Communication between the CNS and the lung has also been found to be mediated through exosomes, a type of extracellular vesicles with size in the range of 30-200 nm with a lipid bilayer membrane. Exosomes are secreted by a diverse range of cell types, such as neuronal cells, neuroendocrine cells, and cancer cells (Thakur et al., 2020b,2021, 2022a,2022c; Iyaswamy et al., 2023).They are also found in various biofluids such as blood, cerebrospinal fluids, pleural fluids, and can cross biological barriers such as blood-brain barrier, facilitating the autologous and heterologous intracellular communication, and making them an important tool for theranostic research (Thakur et al., 2020a,c, 2022b; Xu et al., 2021; Linlin Liu et al., 2022). Exosomes facilitate communication between the CNS and peripheral nerve cells via cerebrospinal fluid. They also bridge the peripheral circulation and the CNS through the blood-brain barrier. This suggests their pivotal role in connecting the brain and lung axis. Exosomes increase in the circulation after traumatic brain injury, and their contents have been linked to acute lung injury. Furthermore, exosomes have been linked to the spread of lung cancer in the CNS. Although much of the research on exosomes has been conducted in vitro, they are thought to significantly facilitate communication between the brain and lungs. However, direct evidence supporting this role remains limited (Bátiz et al., 2015; Couch et al., 2017; Gan et al., 2020; Kerr et al., 2020).

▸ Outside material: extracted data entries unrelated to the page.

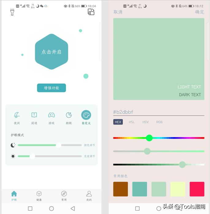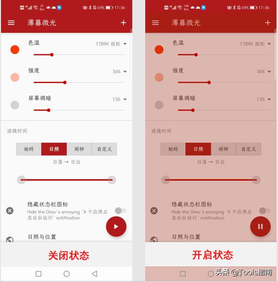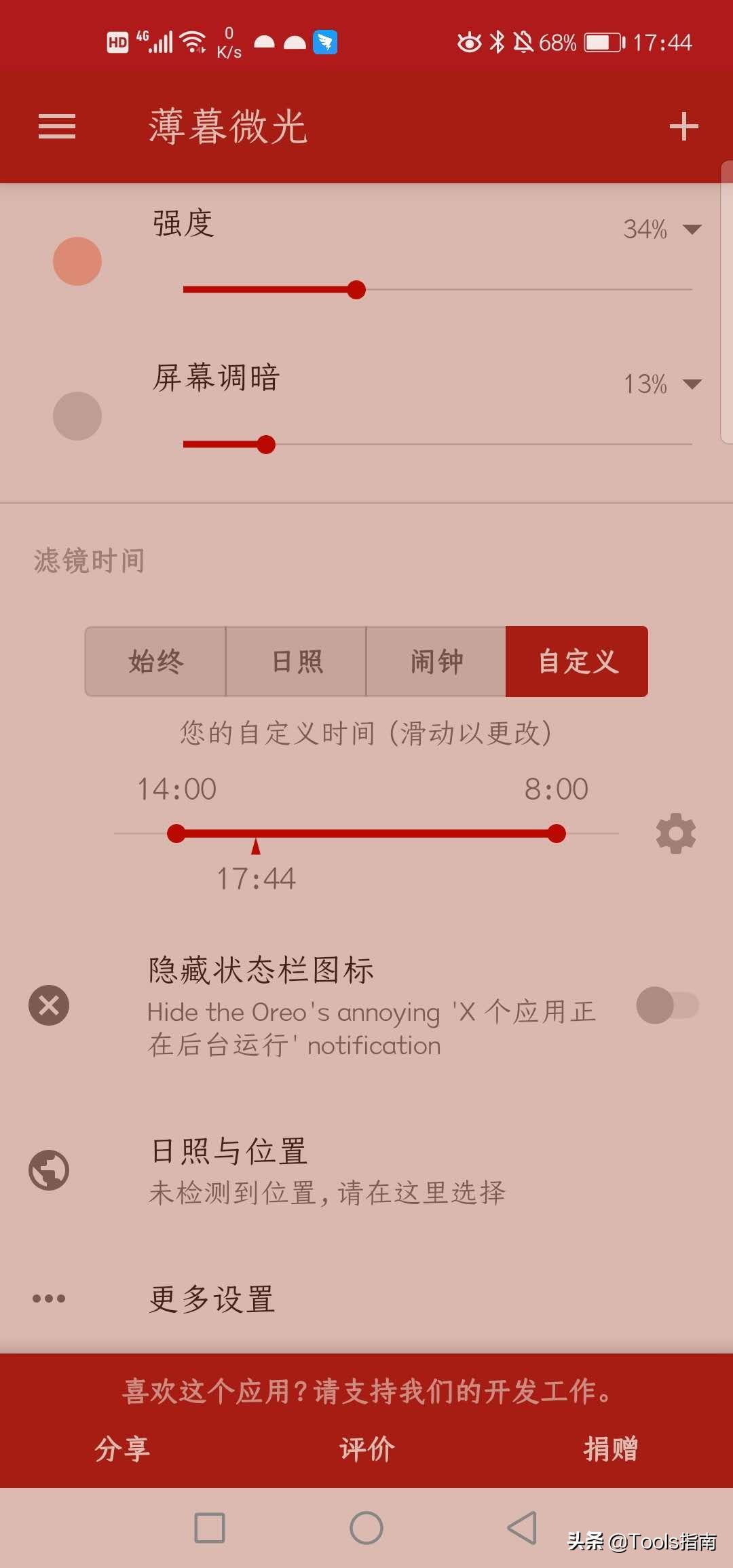 可以根据时间、位置,以及当前的环境,自动调整手机的色温。这种偏红光的色温,极大程度上避免了手机亮度刺眼的问题。
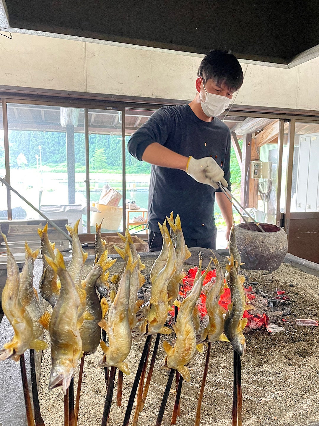 何度も研究を重ねるうち、鮎を焼き干す前に内臓を丁寧に取り除き、旨味であるぬめりを残して塩水で洗う一手間を加えることにしました。出汁に苦味が出ないようにする一工夫です。囲炉裏で鮎をまんべんなく炭火でじっくり焼くこと2時間。鮎を焦がさぬよう気をつけます。
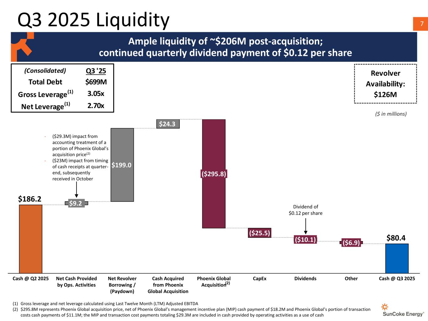 6Industrial Services Business Summary New Industrial Services segment includes former Logistics segment and Phoenix Global • New Industrial Services segment will report total volumes handled for logistics and customer volumes serviced for Phoenix Global ▪ Q3 total logistics handling volumes of 5,235Kt ▪ Q3 customer volumes serviced for Phoenix of 3,825Kt (2 months of results included) • Delivered Adjusted EBITDA of $18.2M in Q3 ‘25 vs $13.7M in Q3 ‘24 ▪ Addition of two months of Phoenix Global results ▪ Lower volumes at logistics terminals driven by market conditions • FY 2025 Industrial Services Adjusted EBITDA guidance range of $63M - $67M ▪ Addition of five months of Phoenix Global results ▪ Expected improvement in 2H logistics volumes impacted by persistent weak market conditions (1) See definition and reconciliation of Adjusted EBITDA elsewhere in the appendix Industrial Services Performance 5,843 5,262 5,724 4,746 5,235 3,825 $13.7M $11.5M $13.7M $7.7M $18.2M Q3 ’24 Q4 ’24 Q1 ’25 Q2 ’25 Q3 ’25 Logistics handling volumes, Kt Phoenix customer volumes serviced, Kt Adjusted EBITDA(1)
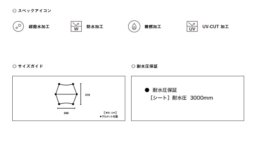 ![]() アレンジ自由自在 炎天下に活躍する大人数対応ヘキサ型タープ 耐風性にすぐれたグランベーシック ヘキサタープに、8人用のXLサイズが登場。裏面にはUV-CUT率99.9%、遮光率100%という驚異のスペックを備え、日向と日陰で最大15℃もの温度差を生み出す「ソーラーブロック加工」を施して、炎天下でも快適なアウトドアライフを実現します(※LOGOS調べ)。今シーズンより、生地とポールを別売にしていることで、手持ちのポールをご使用いただくことも可能です。 ※この商品はシート単品です。 ※230cm以上のタープポールを推奨しています。 ![]() UV-CUT率99.9%以上、遮光率100%!※1 日向と日陰で最大-15℃の温度差を実現!※2 ソーラーブロック加工を施した生地をシートの内側に使用。 紫外線をカットし、太陽光による熱を吸収します。 ※1 生地性能。 ※2 当社テスト結果であり、使用状況により異なる場合があります。 ※生地の特性上、まれに光漏れが生じる場合があります。製品の性能が著しく低下するものではありません。ご了承ください。 ![]() 分厚くて丈夫な難燃ヘビーポリオックス生地 耐風性に優れたヘキサ型で、分厚くて丈夫な難燃性の生地を使用。6ヶ所にグロメットを設けているので、天候に応じてフレキシブルな張り方を楽しめます。 ※写真はイメージです ![]() コーナー部分を補強加工 設営時にテンションがかかりやすいコーナー部分には、生地を重ねることでしっかり補強。 優れた耐久性を実現します。 ![]() |

Technological advancements that propelled PNECs studies
Since the initial identification and description of PNECs, numerous technological advancements have emerged. These include stem cell technology (Chen et al., 2019), single-Cell RNA sequencing (Chen et al., 2019; Travaglini et al., 2020; Cai et al., 2021; Kuo et al., 2022), and spatial transcriptomics (Wang et al., 2023), immunolabelling enabled-3 Dimension Imaging of Solvent-cleared Organs (iDISCO) (Line Verckist et al., 2020; Liu et al., 2020; Sountoulidis et al., 2023), and four dimensional imaging by two-photon microscopy (Noguchi et al., 2015). Figure 2 provides a timeline highlighting key milestones in PNEC research.
Figure 2. Timeline of PNECs research. 1949: PNECs were first characterized as ‘bright cells’ (Frohlich, 1949). 1954: The concept of the diffuse neuroendocrine system was established (Feyrter, 1954). 1970s: Innervated NEBs were identified in human infant or rabbit lungs (Lauweryns and Peuskens, 1972; Lauweryns et al., 1973). 1996: The proportion of PNECs in normal human airway epithelium was first quantified as less than 0.5% (Boers et al., 1996). 2011: PNEC was recognized as putative cell of origin of SCLC (Sutherland et al., 2011). 2012: PNECs were identified as a stem cell population to contribute to lung development and regeneration (Song et al., 2012). 2013: PNECs function as sensory cells in response to hypoxia, environmental stimuli, and mechanical stresses (Cutz et al., 2013). 2015: PNECs may originate from airway epithelial progenitor cells (Kuo and Krasnow, 2015). 2018: PNECs were reported to play an important role in asthmatic diseases (Sui et al., 2018). 2019.03: Protocols were initially developed for generating PNECs from hESCs (Chen et al., 2019). 2019.10: Notch activated-PNECs have been found as NEstem to initiate reprogramming in SCLC cells (Ouadah et al., 2019). 2020: DISCO was employed to study PNECs in airways (Liu et al., 2020). 2023: Spatial transcriptomics, in conjunction with scRNA-seq, was employed to investigate PNECs (Sountoulidis et al., 2023).
Stem cell technology
Studying human PNECs is challenging due to their rarity. Stem cell-derived PNECs offer valuable insights into their development and differentiation (Lian et al., 2022). Our research using human embryonic stem cell (hESC)-based models revealed that inhibiting NOTCH signaling and reducing RB protein levels can lead to the development of PNECs, which may give rise to small cell lung cancer (SCLC) (Chen et al., 2019). Additionally, introducing cMYC transgenes accelerated tumor growth and metastasis (Chen et al., 2023). Similar studies by Hor et al. using iPSC-derived PNECs (iPNECs) showed improved differentiation efficiency and alignment with human fetal PNECs when inhibiting Notch signaling (Hor et al., 2020a,b). These findings highlight the potential of stem cell-derived models to enhance our understanding of PNEC biology and their role in diseases such as SCLC.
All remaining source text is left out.